Remember to also do a Google search for RV parks or mobile home villages in your area that might not show up on the sites previously mentioned.

Tiny House Options
If living in an RV park or a mobile home community isn’t your style, that’s ok. Tiny Housers have difficulty parking their homes too. Those crafty tiny housers have created the following websites can help you locate an alternative place to park your home.

TinyHouseCommunity.com is a resource that connects tiny house owners with builders, communities, and fellow tiny housers. The Places page on TinyHouseCommunity details counties that allow tiny houses, as well as communities that welcome tinyhouses or RVs.

TinyHouseMap.com is an interactive map that you can use to search for fellow tiny housers, tiny house builders and tiny house communities for parking.

TinyHouseParking.com is also an interactive map, which can be configured to display parking places available for rent or purchase. On TinyHouseParking you can even create a “parking wanted” ad.

Backyard Livin’
If all else fails, you can always ask if friends or relatives will let you stay in their backyard in exchange for chores or a small rental fee. Dee Williams, one of the tiny house pioneers, began her tiny living journey in a friend’s backyard. Again, according to those pesky zoning laws, living full-time in an RV in someone’s backyard might not be legal. I am not a lawyer and I can’t give legal advice. It’s up to you to decide if you are willing to skirt the law.

I hope this helps. I have more details about how to live in an Airstream in my e-book, available here.

Good luck, friends,

6 thoughts on “Where to Park and Live in a RV– legally!

  1. Jonathan D Saavedra

    Thank you so much for this! I love your blog! I may be on here a lot in the future being that I am planning on doing this. So please don’t get upset with all my questions 🙂

  2. Renee

    Hi Melanie, I came across your post and found it very helpful.

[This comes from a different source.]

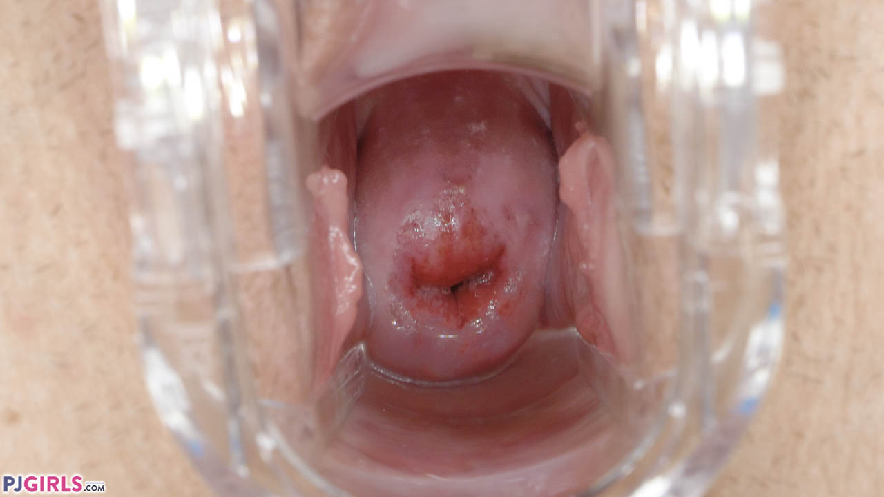 Cunt gaping wide open and cervix on display!

Its funny to think about the legalities of what’s “allowed”…..If its all you have (roof over your head) geez… any hoo, I’m getting ready to shop for my first Conversation Van / Sportsmobile but one of my most “ify” question is : how do you know its safe? I’m solo … kicked the cheating husband to the curb and I’m hitting the open road with my Fur Baby! Any advice on places you’ve been that’s not full of crazies? I’m looking for just short term places and then off I go to next spot.

    P.S. If you ever go to Julian Calif. it’s pure Beautiful at the many places they have for us “small life people”

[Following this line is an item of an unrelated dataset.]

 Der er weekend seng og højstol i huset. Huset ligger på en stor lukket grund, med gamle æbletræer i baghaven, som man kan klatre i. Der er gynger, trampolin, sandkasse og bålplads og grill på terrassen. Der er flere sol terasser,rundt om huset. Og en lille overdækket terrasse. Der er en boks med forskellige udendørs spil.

    1. melanie Post author

      Hi Renee, thanks for reaching out! I do have some advice about that in my book, available here but in short, I would say to read reviews, but don’t scare yourself either. Most people are generally good, but if you feel unsafe, just get out of there. Your instincts are usually right. Good luck! You can do this!

  3. K Bruce

    My husband and I lived from April to October in National Forests. There are no camping fees, but you must move your trailer to another National forest every 2 weeks. By that time we needed to empty and refill tanks anyway. We lived closer to his work than his co workers and loved the change of scenery and quiet.